Cela arrive parfois très bien dans la vie, même si on s’en rend compte après. Tout arrive toujours très bien dans la vie, même les drames. Ça a l’air prétentieux ce que je dis et bien sûr ce n’est pas mon intention. Mais même les décès parfois on se rend compte que c’est arrivé au bon moment et pas seulement pour la personne qui n’est plus là. Pour toi qui reste aussi, sinon c’était trop tard ou foireux.
Vous jouez depuis bientôt cinquante ans. Avez-vous vu le théâtre évoluer ?
Sûrement. Mais le théâtre n’évolue pas seul, les gens évoluent, tout évolue et le public aussi. Je crois que maintenant on demande de plus en plus de vérité aux comédiens. Même aux chanteurs d’opéra. On ne veut plus entendre des gens comme il y a cinquante, soixante ans. Les gens ont besoin de vérité, ils sont à la fois plus faciles et plus difficiles à toucher à cause de leurs problèmes. Ils ont besoin de vérité et de sécurité et la vérité c’est la sécurité. Le public demande ça, qu’il s’agisse d’une comédie ou d’une tragédie il faut cette même vérité, ce même engagement.

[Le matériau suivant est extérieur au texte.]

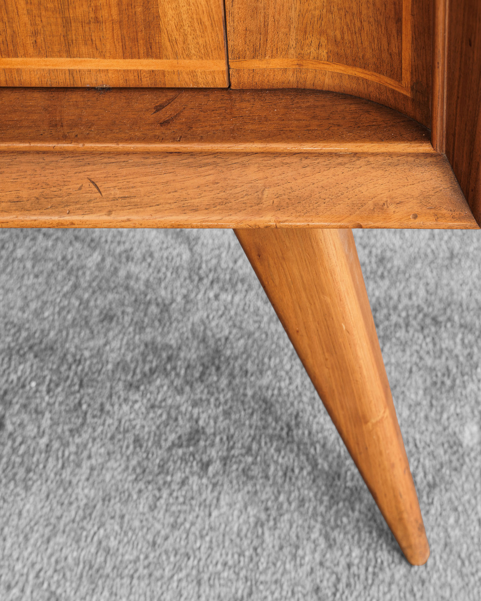 Bar / meuble de rangement en noyer et miroir rosé, Suisse années 40.

Donc les comédiens ont forcément évolué aussi. On évolue ensemble, il n’y a pas de déperdition d’énergie. Car tout évolue, il y a des pièces d’avant-garde très violentes, très dures aujourd’hui et que tu n’aurais pas pu voir il y a vingt ans mais ce sont des scènes de vie. C’est ça qui touche le public.
Vous est-il arrivé de refuser de jouer dans certaines pièces ?

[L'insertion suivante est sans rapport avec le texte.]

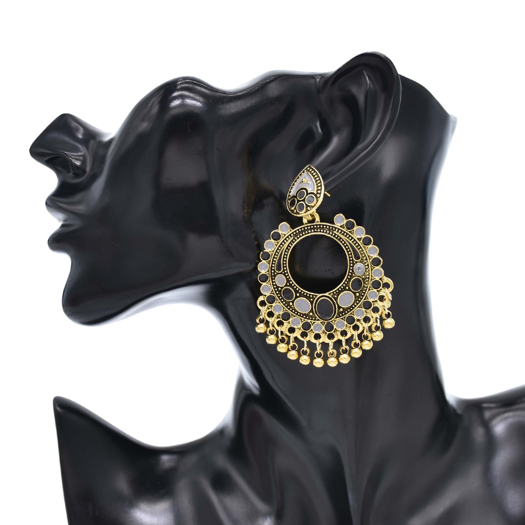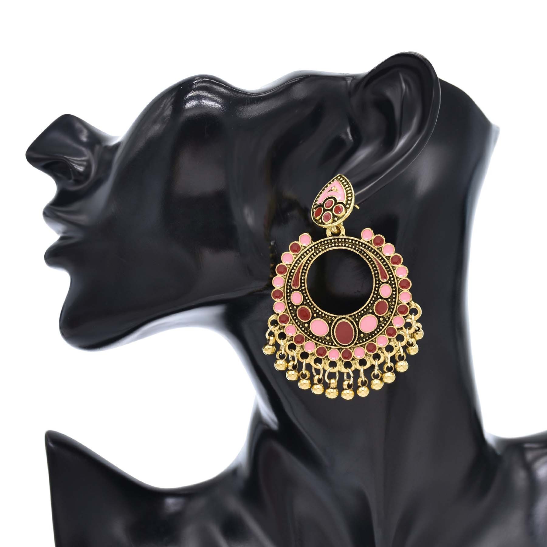 Product: Retro Gold Colorful Drip Oil Bell Tassel Round Indian Earrings for Women

Au National on m’avait proposé de jouer la suivante dans Britannicus. Et j’ai dit non, pas un classique, je n’ai aucune formation. Je respecte et j’admire les autres mais moi non. J’ai joué un seul classique dans ma vie c’était l’École des Femmes mais y’a prescription maintenant. J’avais 20 ans. J’ai dit non pour ma petite humilité. Et même si c’est dommage on ne le saura jamais.
J’ai refusé aussi la Baronne dans la Vie Parisienne car je me sentais incapable de chanter. Pourtant j’adore et mes parents étaient chanteurs d’opéra donc j’adore ça inconditionellement, mais pas chanter en public. Parfois j’embête mes voisins, pour mon plaisir et pour leur déplaisir. Non, mais ils sont très gentils. Je m’entends bien avec tout le monde finalement. C’est vrai.
Une dernière chose ?
Que je serve à fabriquer de la joie autour de moi.
Qu’est ce que vous diriez aux jeunes comédiens qui veulent commencer maintenant.
Faites-le !!!
Après ils verront bien eux-mêmes. Qu’ils vivent au jour le jour. Tu as envie : fais-le. Tu verras bien après.